■ **What is being asked**
Please repeat the lines below, exactly and only, from the one that holds "VICKTEERUT Linen Stripe" through the one that holds "Стойки перфорированы по".

■ **Supplied records**
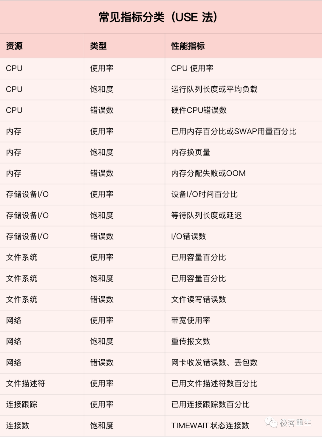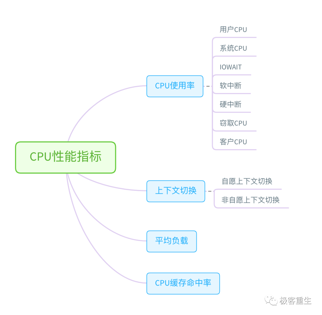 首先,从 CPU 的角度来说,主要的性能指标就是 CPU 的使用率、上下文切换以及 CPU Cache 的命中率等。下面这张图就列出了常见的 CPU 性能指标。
---
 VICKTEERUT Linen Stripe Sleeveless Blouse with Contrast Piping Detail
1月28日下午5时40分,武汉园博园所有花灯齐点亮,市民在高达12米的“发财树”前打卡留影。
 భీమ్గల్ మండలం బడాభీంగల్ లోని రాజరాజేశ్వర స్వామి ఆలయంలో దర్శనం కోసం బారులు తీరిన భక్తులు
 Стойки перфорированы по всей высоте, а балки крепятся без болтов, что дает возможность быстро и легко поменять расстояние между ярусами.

■ **Written solution**
 VICKTEERUT Linen Stripe Sleeveless Blouse with Contrast Piping Detail
1月28日下午5时40分,武汉园博园所有花灯齐点亮,市民在高达12米的“发财树”前打卡留影。
 భీమ్గల్ మండలం బడాభీంగల్ లోని రాజరాజేశ్వర స్వామి ఆలయంలో దర్శనం కోసం బారులు తీరిన భక్తులు
 Стойки перфорированы по всей высоте, а балки крепятся без болтов, что дает возможность быстро и легко поменять расстояние между ярусами.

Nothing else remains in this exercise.